4. Behavioral Annotations
Help LLMs use tools safely:
tool:
name: delete_user
annotations:
destructiveHint: true # Warns LLM this is destructive
idempotentHint: false # Multiple calls have different effects
tool:
name: get_weather
annotations:
readOnlyHint: true # Safe to call anytime
openWorldHint: true # Depends on external data
5. Edge Case Testing
Test boundary conditions and error cases:
tests:
- name: "Empty input"
description: "Verify handling of empty string"
arguments:
- key: text
value: ""
result: null
- name: "Maximum length"
description: "Test with maximum allowed length"
arguments:
- key: text
value: "x" # Repeated 1000 times
result: "processed"
- name: "Special characters"
description: "Ensure special chars are handled"
arguments:
- key: text
value: "Hello @#$%^&* World!"
result: "Hello World!"
CI/CD Integration
Validation in CI
#!/bin/bash
# ci-validate.sh
set -e
echo "Running endpoint validation..."
if ! mxcp validate --json-output > validation-results.json; then
echo "Validation failed!"
cat validation-results.json
exit 1
fi
echo "All endpoints valid!"
Testing in CI
#!/bin/bash
# ci-test.sh
set -e
echo "Running endpoint tests..."
if ! mxcp test --json-output > test-results.json; then
echo "Tests failed!"
cat test-results.json
exit 1
fi
echo "All tests passed!"
Linting in CI
#!/bin/bash
# ci-lint.sh
# Run lint and check for warnings
mxcp lint --severity warning --json-output > lint-results.json
# Count warnings
WARNING_COUNT=$(jq 'length' lint-results.json)
if [ "$WARNING_COUNT" -gt 0 ]; then
echo "Found $WARNING_COUNT lint warnings:"

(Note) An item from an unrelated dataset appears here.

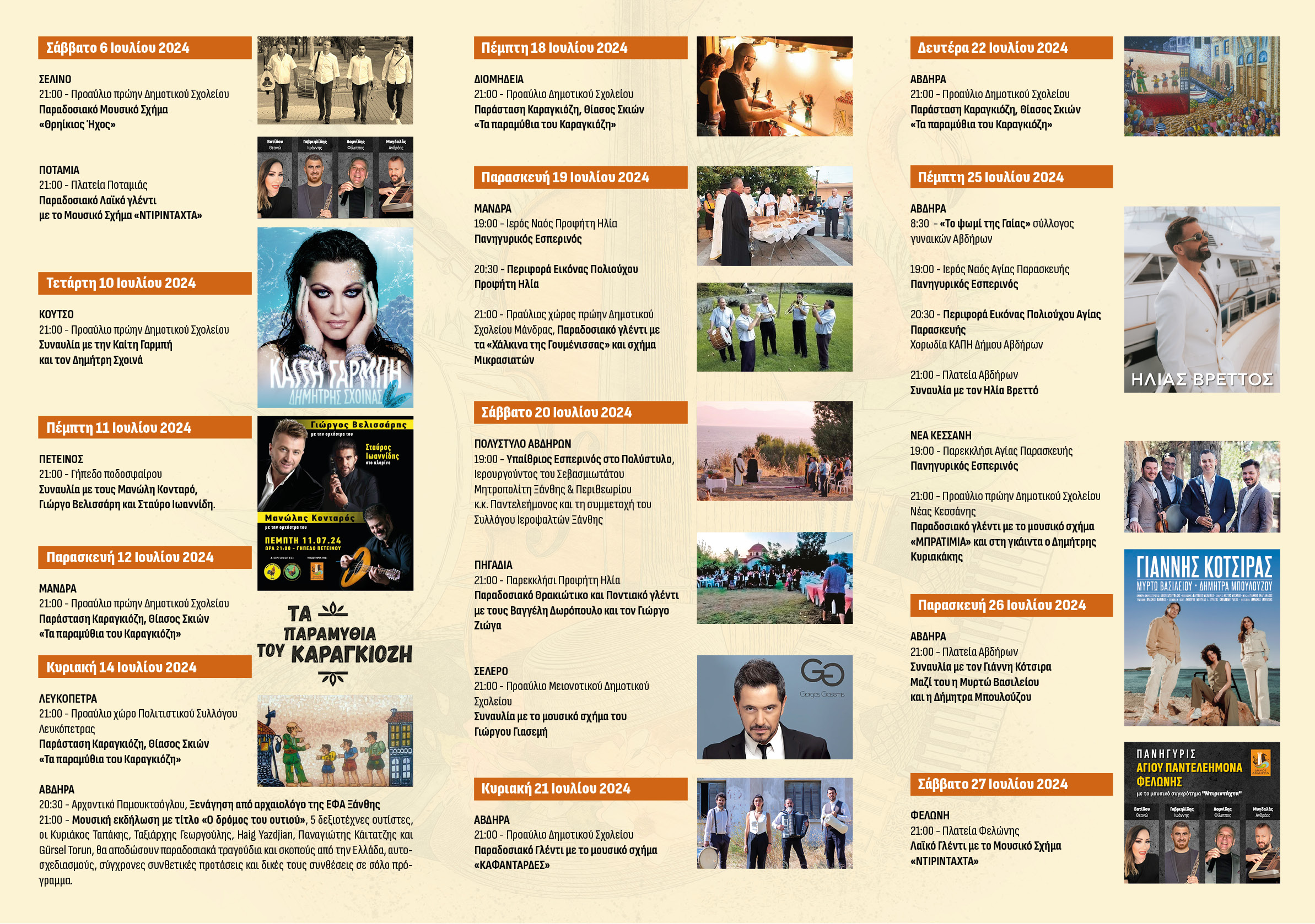 Το φετινό πρόγραμμα είναι ιδιαίτερα πλούσιο και περιλαμβάνει συναυλίες με μεγάλα ονόματα της ελληνικής μουσικής σκηνής, καθώς και πλήθος άλλων πολιτιστικών και λαογραφικών εκδηλώσεων.

cat lint-results.json | jq -r '.[] | "[\(.severity)] \(.path): \(.message)"'
# Optionally fail the build
# exit 1
fi
GitHub Actions Example
name: MXCP Quality Checks
on: [push, pull_request]
jobs:
quality:
runs-on: ubuntu-latest
steps:
- uses: actions/checkout@v3
- name: Setup Python
uses: actions/setup-python@v4
with:
python-version: '3.11'
- name: Install MXCP
run: pip install mxcp
- name: Validate Endpoints
run: mxcp validate
- name: Run Tests
run: mxcp test
- name: Lint Endpoints
run: |
mxcp lint --severity warning
# Or to track but not fail:
# mxcp lint || true
Quality Metrics
Track endpoint quality over time:
-- Query to analyze test coverage
WITH endpoint_counts AS (
SELECT
COUNT(*) as total_endpoints,
COUNT(CASE WHEN has_tests THEN 1 END) as tested_endpoints,
COUNT(CASE WHEN has_description THEN 1 END) as documented_endpoints
FROM endpoints
)
SELECT
total_endpoints,
tested_endpoints,
documented_endpoints,
ROUND(100.0 * tested_endpoints / total_endpoints, 1) as test_coverage_pct,
ROUND(100.0 * documented_endpoints / total_endpoints, 1) as doc_coverage_pct
FROM endpoint_counts;
Troubleshooting
Common Issues
Tests passing locally but failing in CI:
- Check for environment-specific data
- Ensure consistent timezone handling
- Verify database state assumptions
Lint warnings on generated code:
- Use
.mxcpignore
to exclude generated files - Focus on hand-written endpoint definitions
Validation errors after updates:
- Run
mxcp validate --debug
for detailed errors - Check the schema version in endpoint files
- Ensure all file references are relative
Summary
Quality assurance in MXCP involves:
- Validate structure with
mxcp validate
- Test functionality with
mxcp test
- Improve metadata with
mxcp lint
Well-tested endpoints with rich metadata provide:
- Better reliability
- Improved LLM understanding
- Easier maintenance
- Faster debugging
Remember: LLMs perform best when they clearly understand what your endpoints do, how to use them, and what to expect in return!